For the Throne (Wilderwood #2)

Let me out, the Nightmare said again, his voice slithering out from behind his jagged teeth.

Shut up and let me think, I snapped, my eyes still on the dagger.

“Hello?” said the highwayman at my back, tugging my hood again. “Can you hear me? Are you daft?”

“Wait,” cautioned the one with the dagger. I could not see his face behind the mask, but his gaze held me pinned. When he stepped closer I flinched, the scent of cedar smoke and cloves clinging to his cloak.

“Search her pockets,” he said.

Trespassing fingers roved down my sides, across my waist and down my skirt. I clenched my jaw and held my nose high. The Nightmare remained quiet, his claws tapping a sharp rhythm.

Click. Click.

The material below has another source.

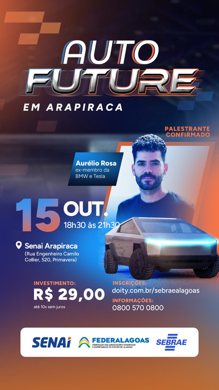Quem conduz essa jornada é Aurélio Rosa, referência internacional em mobilidade elétrica, inteligência artificial e sistemas autônomos. Engenheiro formado pela Unicamp e pela Universidade Técnica de Munique, com passagem marcante pela BMW e quase uma década na Tesla, onde atuou no desenvolvimento do Autopilot e de modelos icônicos como o Model S, X e 3, Aurélio traz para o Agreste Alagoano sua visão prática e inspiradora sobre o futuro do transporte global.
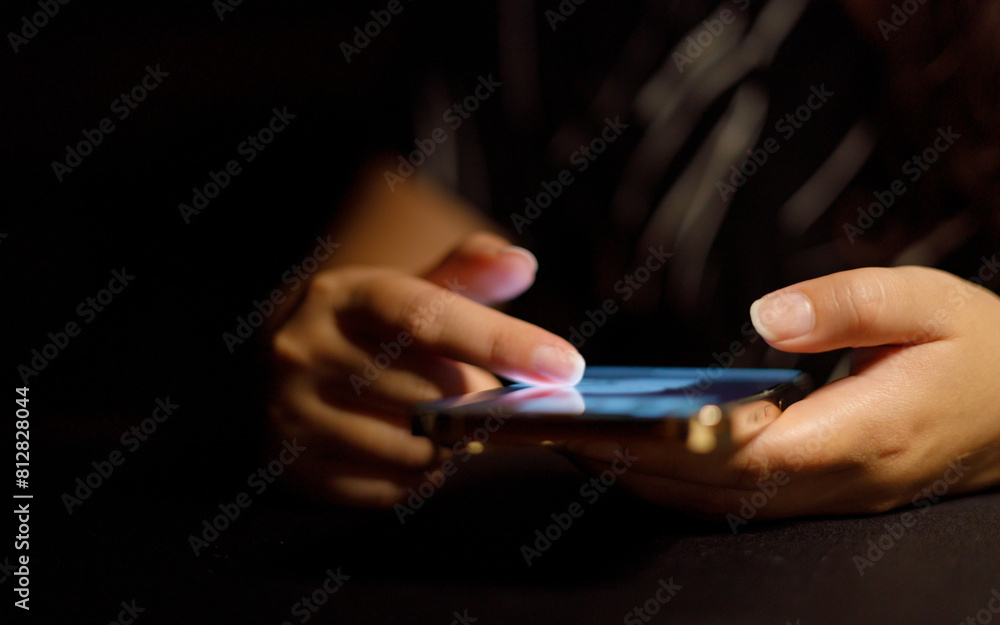 Woman hand scrolling on smartphone

Click.

“Nothing,” said the highwayman.

But the other was not convinced. Whatever he saw in my eyes—whatever he suspected—was enough to keep his dagger stilled just above my heart. “Check her sleeves,” he said.

Help me, I shouted into my mind. Now!

The Nightmare laughed—a cruel, snakelike hiss.

White-hot heat cut through my arms. I hunched over, my veins burning, and muffled a cry as the Nightmare’s strength coursed through my blood.

The man behind me took a step back. “What’s wrong with her?”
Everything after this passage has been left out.